Operational benefits

Resource optimization
Avoid oversizing development or edge environments just to satisfy Ultimate’s high availability model. Starter keeps infrastructure lean and efficient.

Faster experimentation
Developers can iterate quickly, creating and deleting clusters without waiting for a large management plane to stabilize. This accelerates feedback cycles and simplifies automation testing.

Production stability
By isolating experimental changes in the Starter instance, you prevent configuration drift or accidental disruptions in production.

Safer upgrades
New NKP versions can first be tested on Starter, then replicated on Ultimate once validated.

Flexible licensing
Starter avoids additional licensing costs while Ultimate supports enterprise entitlements through NCI.

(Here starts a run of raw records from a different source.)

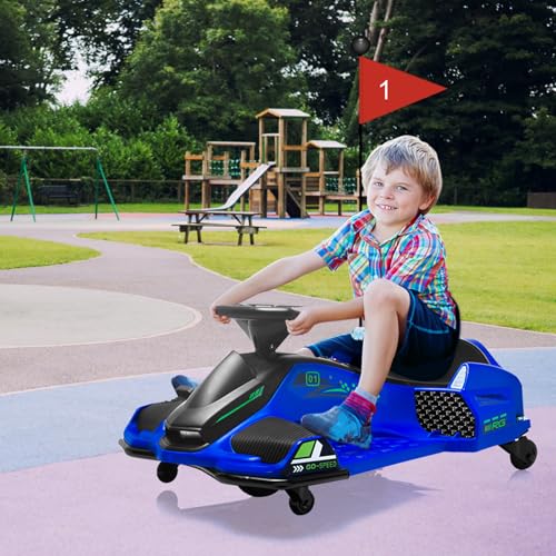 Kids Go Kart Electric Wiggle Car Floor Cleaning Function Outdoor Ride On Toy for Ages 3 and Up(Gray)
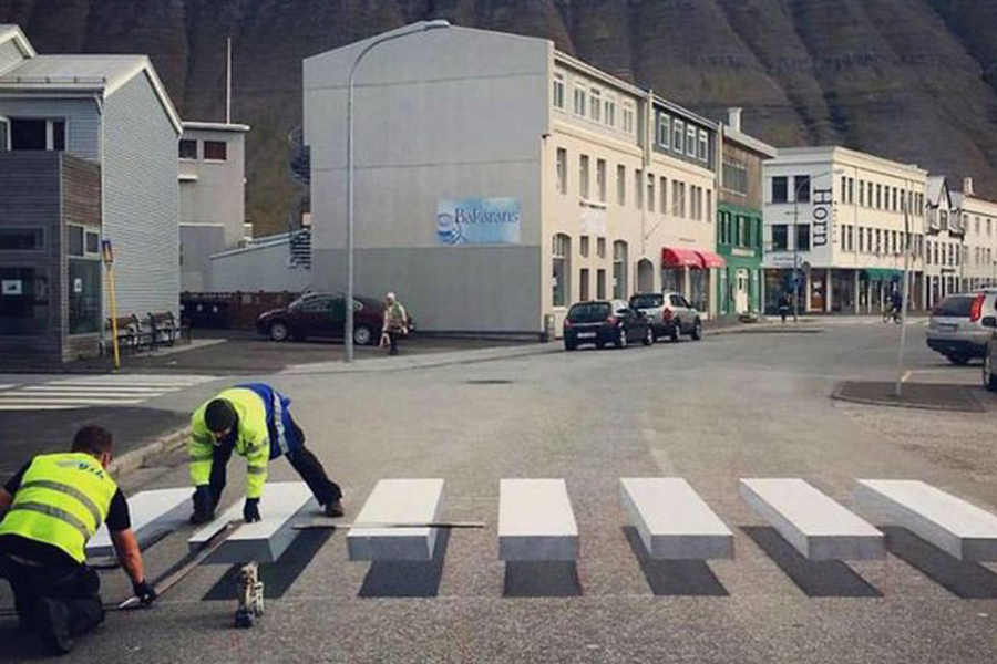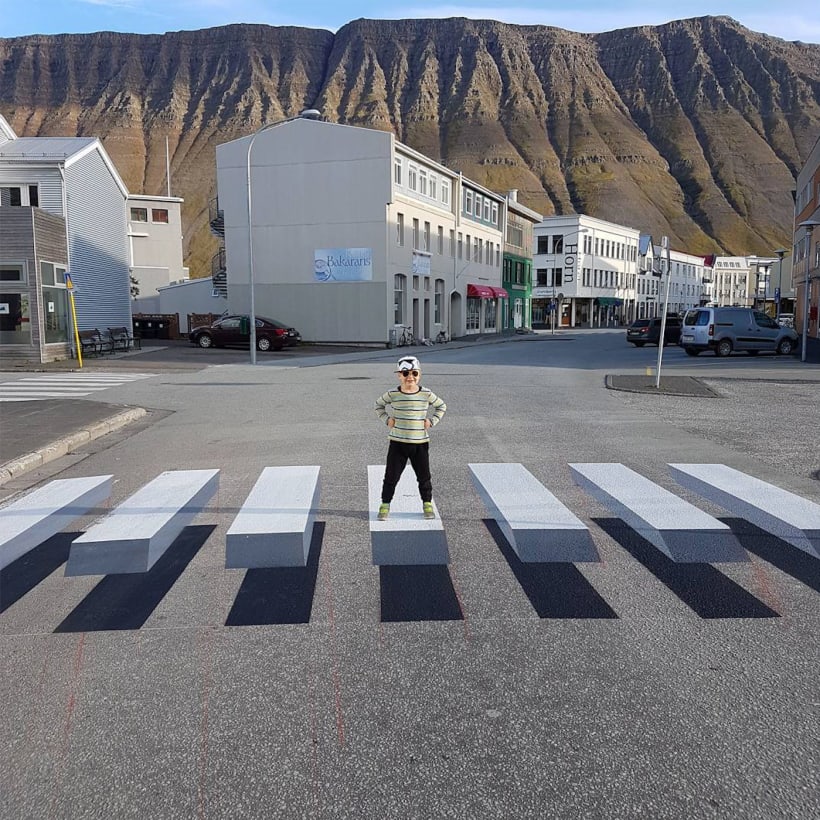En la pequeña ciudad pesquera de Ísafjörður en Islandia, acaba de aparecer un avance en seguridad vial: Pintan las sendas peatonales en 3D, formando una detallada e ingeniosa ilusión óptica.
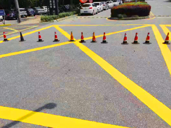 热熔形式的道路交通标线,一般线宽采用15公分,使用热熔釜加热融化热熔标线材料,用热熔划线机划线。
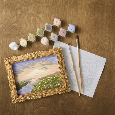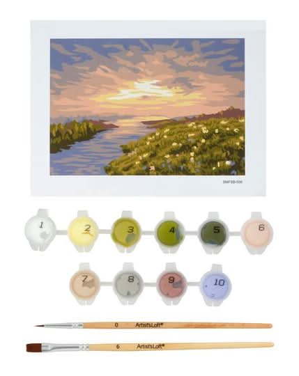 Buy the Sunset Field Paint-by-Number Framed Mini Kit by Artist's Loft at Michaels. Complete with brushes, numbered paint pots, a pre-printed canvas sheet and an ornate decorative frame with a magnet and easel for display, this kit has everything needed to paint a serene sunset over a field and a stream. Sunset Field design. 5.6" x 4 (14.3cm x 10.3cm) canvas sheet size. 6.8" x 5.3" (17.5cm x 13.5cm) frame size. 213 numbered sections. Instruction sheet included. Conforms to ASTM D-4236
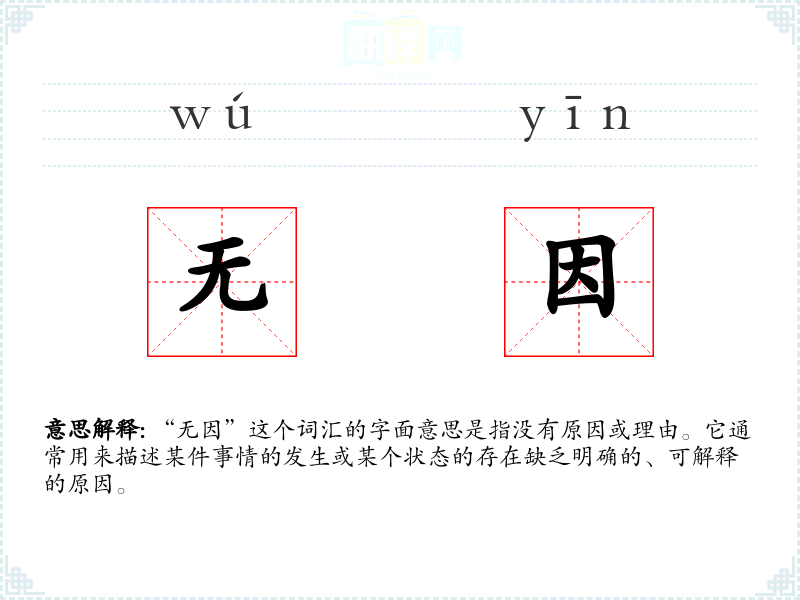 “无因”这个词汇的字面意思是指没有原因或理由。它通常用来描述某件事情的发生或某个状态的存在缺乏明确的、可解释的原因。
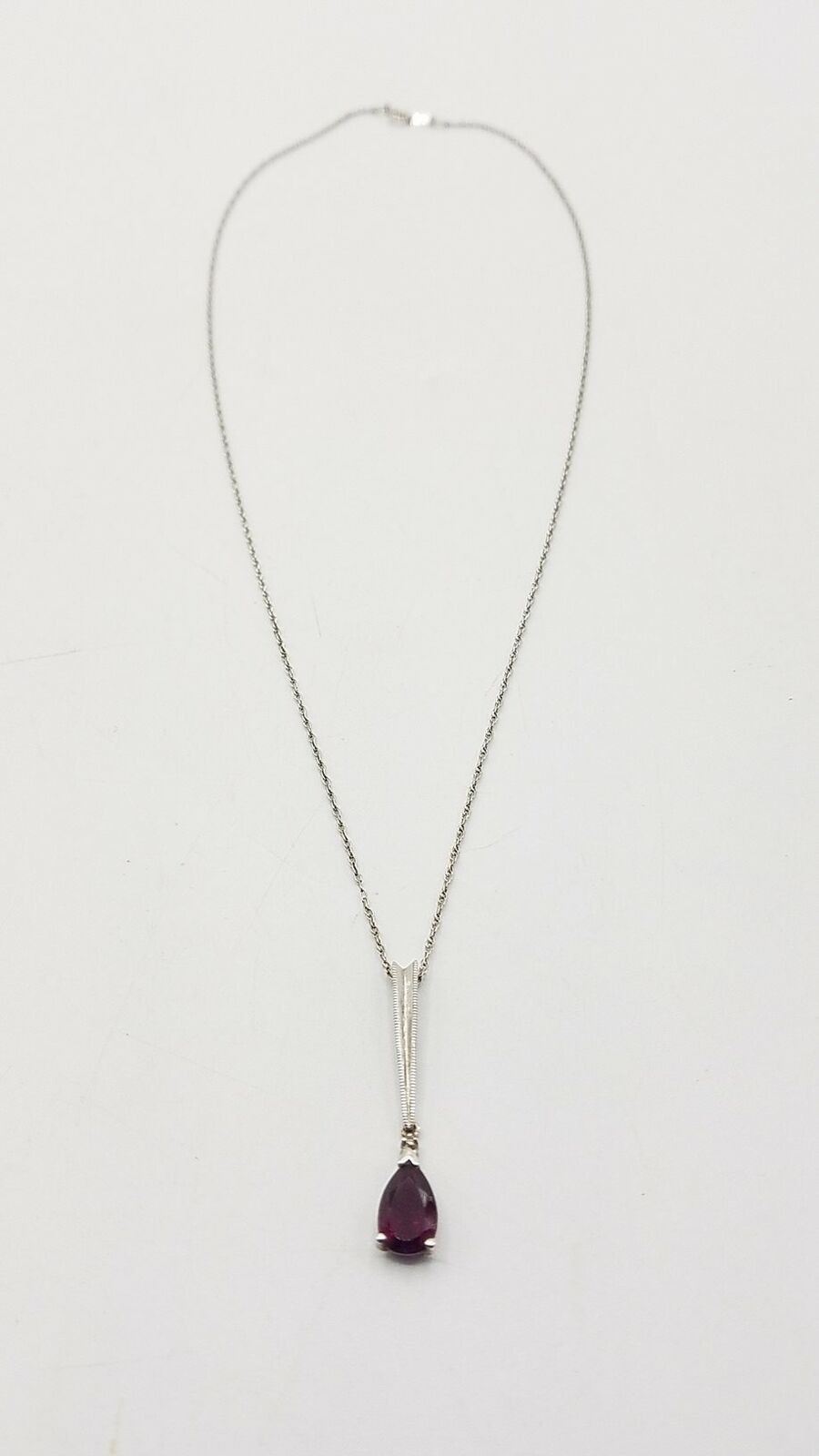 ESTATE 925 SILVER GARNET STONE NECKLACE 18.5" L
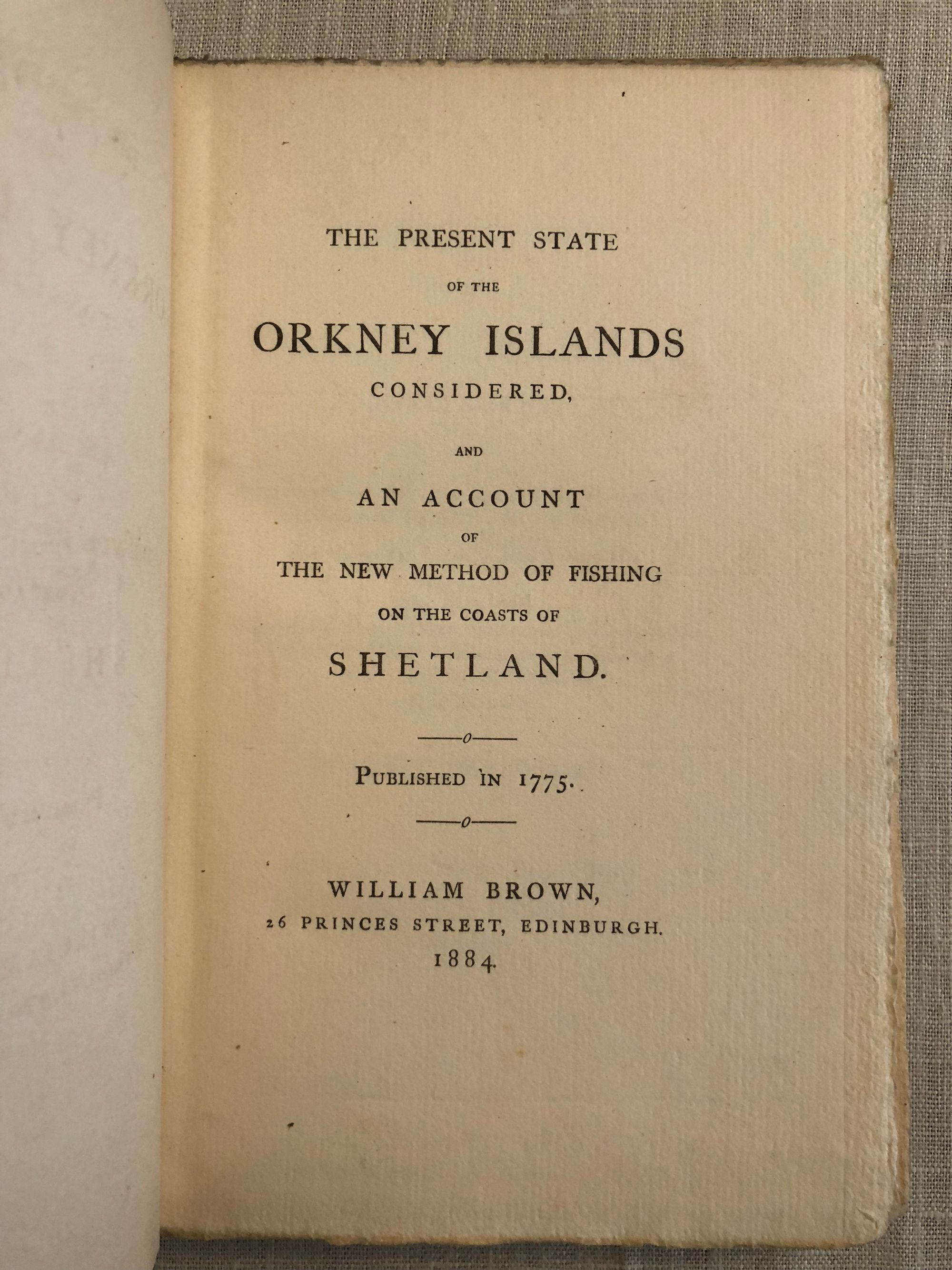 Hardcover. Octavo. pp (2) vi 160. Number 16 of a limited edition of 162. Scarce edition combining two works by James Fea, the second of which is hard to find in the original 1775 edition. Condition: Front hinge cracked. Lower half of spine label missing. Covers dust-soiled. Else near Very Good. ** The author, James Fea, was from a family with deep root in the Orkney Islands. He describes the geography of the islands, its customs and its people. In particular, he shows great empathy with the struggles of the inhabitants to earn a living when much of the commerce was seasonal.
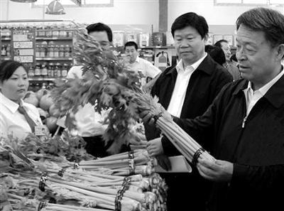 图为杨传堂(右)在山东省潍坊市寒亭区固堤基层社的中联亿家日用品超市调研。
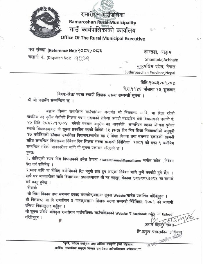 रिक्त पदमा स्थायी शिक्षक सरुवा सम्बन्धी सूचना ।।
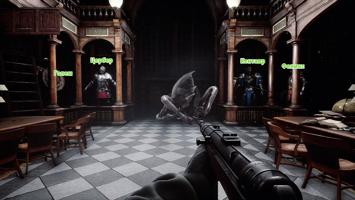 Отправляйтесь в библиотеку на втором этаже и подготовьтесь к сражению. Монстр в галерее не слишком опасный — он не перемещается по комнате, а лишь стреляет в героя жидкостью. Достаточно вовремя уворачиваться от неё.

Bridging the gap between Starter and Ultimate

Although the two installations are separate, they can be connected in several ways to maintain a consistent operational model.

Both instances can integrate with the same OIDC provider (for example Microsoft Entra ID or LDAP), ensuring consistent user roles and RBAC policies. Using GitOps, they can also share configuration repositories, pulling cluster definitions and manifests from the same version-controlled source.
Metrics and logs from Starter-managed clusters can be sent to the same Prometheus or Loki backend used by the production environment.

This approach allows teams to treat Starter as a testing ground or a lightweight production control plane, mirroring the operational model used in Ultimate.

Design considerations

When implementing a dual NKP model, consistency is key.
Define clear environment boundaries and automate configuration promotion with GitOps or Terraform pipelines. Even if Starter is lightweight, it should still be monitored and managed.
Applying consistent naming conventions, namespaces, and resource labels across both environments makes promotion between them predictable and clean.

Treat the Starter instance as a managed environment, not as a disposable sandbox. This ensures predictability and continuity across the cluster lifecycle.

Why one size does not fit all

A single NKP edition cannot efficiently serve every purpose.
Ultimate is built for enterprise workloads that require governance, scalability, and resilience.
Starter, instead, is a complementary edition that brings flexibility and agility to smaller environments.

Used together, they form a balanced strategy. Starter can run lightweight production workloads, while Ultimate provides a full-scale, compliant platform for critical systems.

This dual-installation approach reflects a mature understanding of real-world infrastructure. It balances the ideal goal of standardization with the practical realities of cost, performance, and scale.

Final thoughts

Modern infrastructure design is about adaptability.
Balancing the need for stability in production with the need for flexibility in development is what enables efficient, scalable operations.

Running both NKP Ultimate and NKP Starter provides the best of both worlds.
Ultimate ensures compliance, governance, and high availability for production.
Starter supports experimentation, edge use cases, and lightweight production clusters without wasting resources.

I believe the best architectures are the ones that stay simple where they can, and powerful where they must.
That’s exactly what this dual NKP setup achieves.